Interestingly, low blood pressure is strongly associated with some forms of glaucoma, such as normal-tension glaucoma (NTG).

Myth: All people with glaucoma
have elevated intra-ocular pressure (IOP)

Many people believe that glaucoma is a disease characterized and defined by elevated IOP. Actually, elevated IOP is a risk factor for glaucoma and is not the disease itself. The common factor among all types of glaucoma is damage to the optic nerve rather than elevated IOP.

There are more than forty different types of glaucoma, and not all of them are associated with elevated IOP.
Myth: The target IOP should be the same for everyone

The target IOP is calculated on the basis of baseline intra-ocular pressure, the optic nerve damage and the type of glaucoma. There is no one specific number that has been found to be the level at which a person’s eye is safe from glaucoma-related damage. Some people require an IOP of between 8 and 10 mmHg while others can tolerate an IOP that is above 21 mmHg. Your doctor must be the one to choose your unique IOP target level.
Myth: my IOP is fluctuating, so
something is wrong with the medicine

Most of the time, patients come to the clinic at different times during the day and find their pressure reading is different. Actually, IOP varies throughout the entire twenty-four hour period, and these variations are very important for glaucoma management. Patients with greater-than-normal variations in diurnal and nocturnal (daytime and night-time) IOP are more likely to have progression of their glaucoma.

Myth: Smoking is good
for glaucoma

Some patients started smoking marijuana on the basis of some articles in the paper that marijuana helps glaucoma. It is true that clinical studies have shown that marijuana can lower intra-ocular pressure in individuals both with and without glaucoma.

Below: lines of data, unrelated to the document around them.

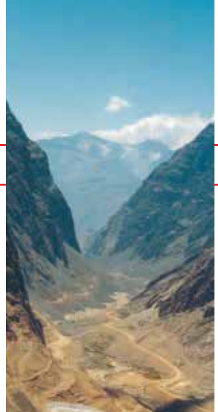
Blanco river valley, where the Andina Mine activities take place.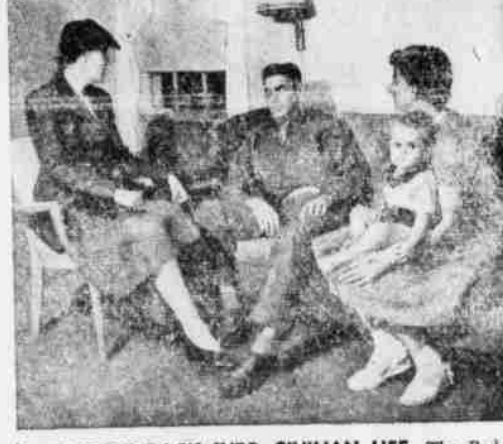
WELCOME BACK INTO CIVILIAN LIFE. The Red Cross provides special information and help for disabled veterans. The Red Cross answers questions about pensions, claims, vocational rehabilitation training. It is authorized to present veterans' claims. The Red Cross is at his side—always—now and after the war.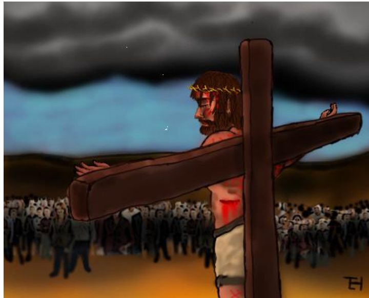
Christ died for sinners!

Roma 6:23 I untung i kimò salà dunan fati landè gusenán, bay i blé Dwata landè bayad dunan nawa landè gusenán fagu di ku Krayst Dyisas Amuito.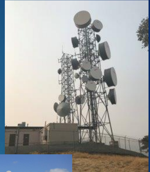
Black Diamond Mines Communication Site (PG&E)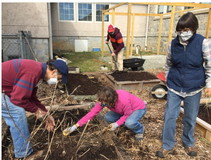
The Social Action Team at Davidson River School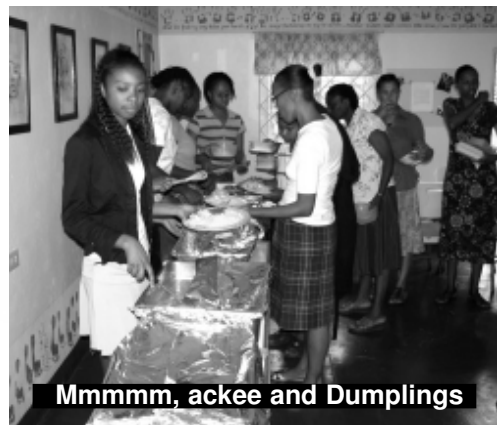
Mmmmm, ackee and Dumplings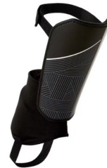
Shin pads for football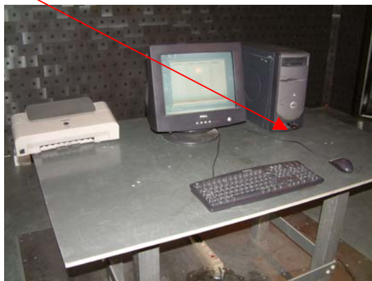
Position of EUT Circling

copyright of this report is owned by Centre of Testing Service and may not be reproduced other than in full except with the written approval of the issuing Company.

The active ingredient in marijuana has been shown to reduce blood flow to the eye. This reduced blood flow leads to a decrease in IOP. We now understand that adequate blood flow to the optic nerve is a critical factor in maintaining optic nerve health. Thus, the harmful effect of reducing blood flow to the eye negates the beneficial effect of lowering the IOP.

Cigarette smoking is harmful and a person should think in terms of quitting in an attempt to save their sight.

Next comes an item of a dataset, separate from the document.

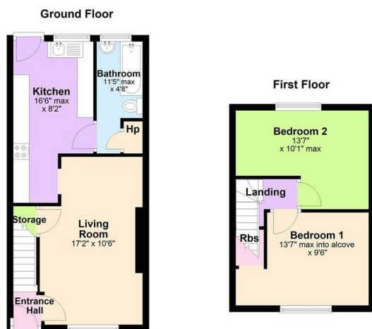
36 Burnview Terrace, Banbridge

Terms & Conditions: Please note that these particulars do not constitute an offer or contract of sale. Any prospective purchaser should satisfy themselves by thorough inspection of the property and we recommend that any prospective purchaser should employ the professional services of a building surveyor and consider their findings prior to entering into contract. All such fees associated with this work will be the responsibility of the prospective purchaser regardless of whether the sale completes or not. In addition, none of the appliances or installations have been tested in any way whatsoever and it is our recommendation that a purchaser should fully satisfy themselves by employing an appropriate expert. We would also like to advise that our measurements are taken from the widest points of each room and should not be relied upon as completely accurate. You should not make decisions based on the measurements provided and double check measurements at all times. Valuation/Mortgage Service: As part of our service we would remind Vendors and potential purchasers that we have a Mortgage Broker available at this branch. If you are thinking of selling, we would be happy to carry out a free market appraisal of your property.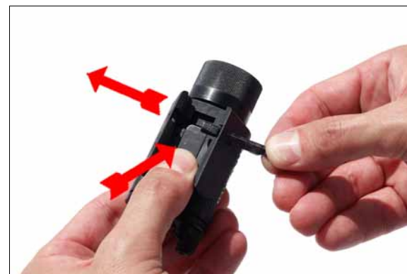
Step 3 - Depress the spring and insert the new replacement locking bar from right to left. Release the spring to lock the bar in place.

It is critical that the locking bar be correctly oriented toward the front of the light. If the locking bar is reversed, it will not lock in place, and the light will fall off the weapon during recoil.

Myth: If I have a cataract and
glaucoma, I can’tget surgery

If a glaucoma patient is in need of cataract surgery, the doctor has three options: cataract surgery alone; staged surgeries (surgeries for the two conditions performed at different times); and combined cataract-glaucoma surgery.
Myth: Glaucoma always leads to blindness

This statement is one of the most dangerous of all the glaucoma myths.  Nearly 90 per cent of all glaucoma-related blindness can be prevented with proper treatment. The key is timely diagnosis, regular medication and timely surgical intervention.

If everyone has regular eye screenings and all glaucoma patients are diagnosed in a timely fashion, are able to obtain the appropriate treatment advice, and follow all the doctor’s instructions regarding medication, lifestyle changes, and – if necessary – surgery, there is a good chance that the sneak thief of sight can be stopped and blindness avoided.